◆ **EXERCISE INPUT**
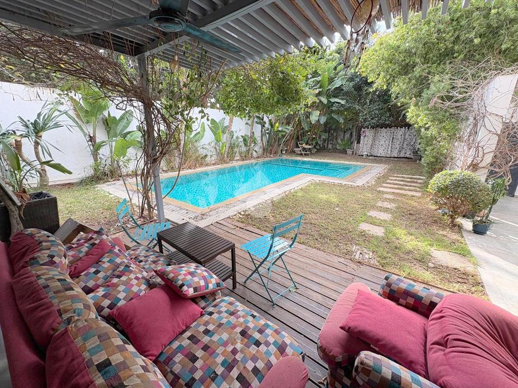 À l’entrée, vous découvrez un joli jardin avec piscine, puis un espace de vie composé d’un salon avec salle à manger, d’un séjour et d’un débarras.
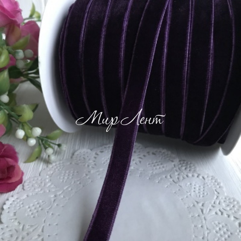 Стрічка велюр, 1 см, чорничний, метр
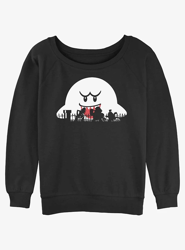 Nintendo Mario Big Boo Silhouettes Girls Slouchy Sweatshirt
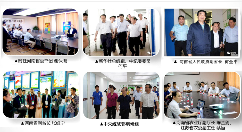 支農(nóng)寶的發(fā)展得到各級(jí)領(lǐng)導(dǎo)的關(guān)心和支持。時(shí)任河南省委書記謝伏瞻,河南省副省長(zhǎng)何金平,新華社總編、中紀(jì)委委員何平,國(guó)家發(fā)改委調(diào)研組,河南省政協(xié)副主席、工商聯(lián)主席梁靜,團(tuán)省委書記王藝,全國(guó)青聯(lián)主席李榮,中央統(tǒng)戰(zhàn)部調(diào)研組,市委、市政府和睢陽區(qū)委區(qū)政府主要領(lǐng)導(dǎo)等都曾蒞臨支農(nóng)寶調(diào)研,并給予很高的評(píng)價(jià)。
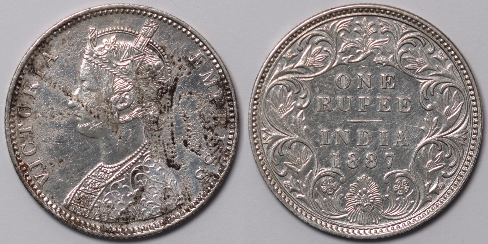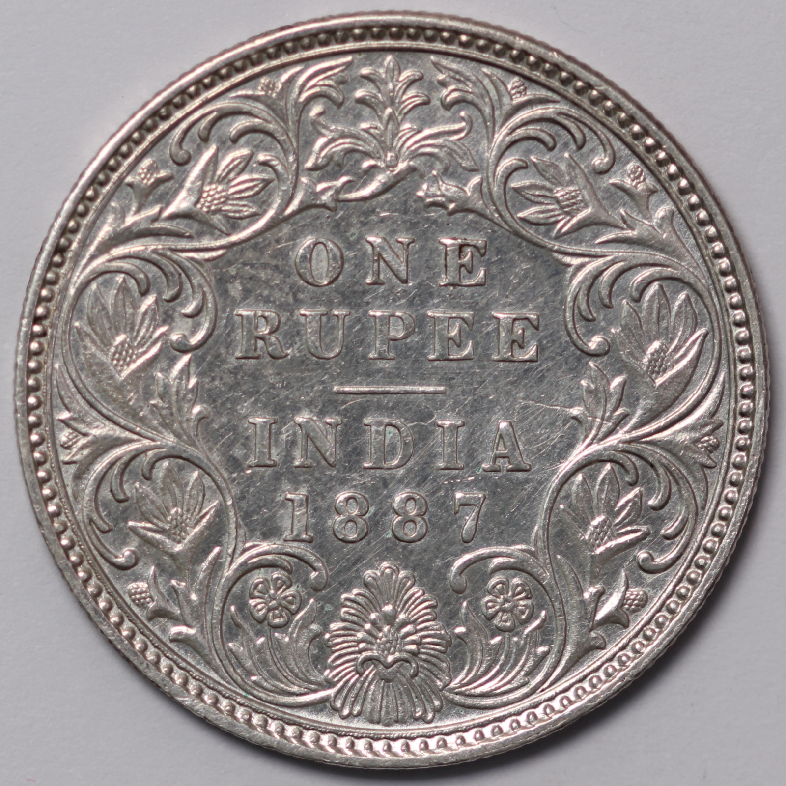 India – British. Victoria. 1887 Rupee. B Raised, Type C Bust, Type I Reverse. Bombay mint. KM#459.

* * *

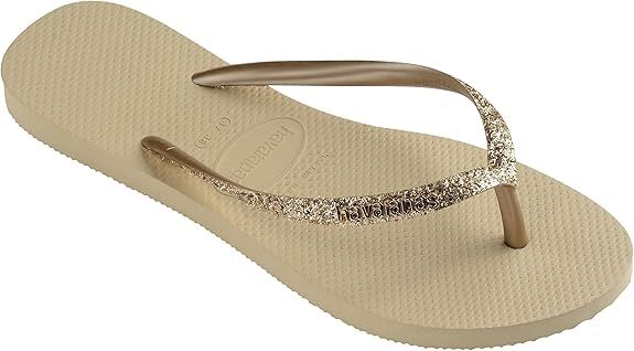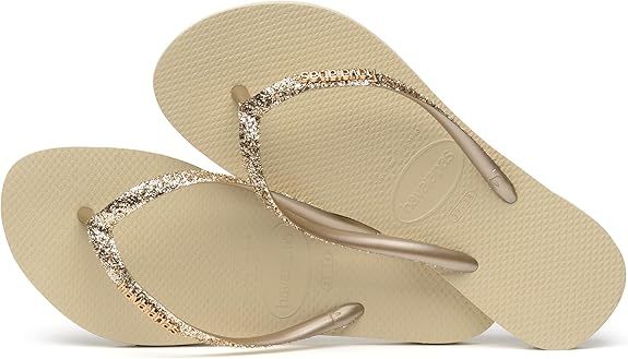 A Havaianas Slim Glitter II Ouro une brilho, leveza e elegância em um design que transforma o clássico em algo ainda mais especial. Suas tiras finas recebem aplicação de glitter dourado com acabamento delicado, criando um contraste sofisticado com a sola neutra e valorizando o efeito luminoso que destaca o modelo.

◆ **WHAT YOU HAVE TO DO**
From the records above, output only the lines starting at the one containing "Стрічка велюр, 1 см, чорничний, метр" and ending at the one containing "India – British.", word for word. Pictures stay out.

◆ **EXPECTED OUTPUT**
 Стрічка велюр, 1 см, чорничний, метр
 Nintendo Mario Big Boo Silhouettes Girls Slouchy Sweatshirt
 支農(nóng)寶的發(fā)展得到各級(jí)領(lǐng)導(dǎo)的關(guān)心和支持。時(shí)任河南省委書記謝伏瞻,河南省副省長(zhǎng)何金平,新華社總編、中紀(jì)委委員何平,國(guó)家發(fā)改委調(diào)研組,河南省政協(xié)副主席、工商聯(lián)主席梁靜,團(tuán)省委書記王藝,全國(guó)青聯(lián)主席李榮,中央統(tǒng)戰(zhàn)部調(diào)研組,市委、市政府和睢陽區(qū)委區(qū)政府主要領(lǐng)導(dǎo)等都曾蒞臨支農(nóng)寶調(diào)研,并給予很高的評(píng)價(jià)。
 India – British. Victoria. 1887 Rupee. B Raised, Type C Bust, Type I Reverse. Bombay mint. KM#459.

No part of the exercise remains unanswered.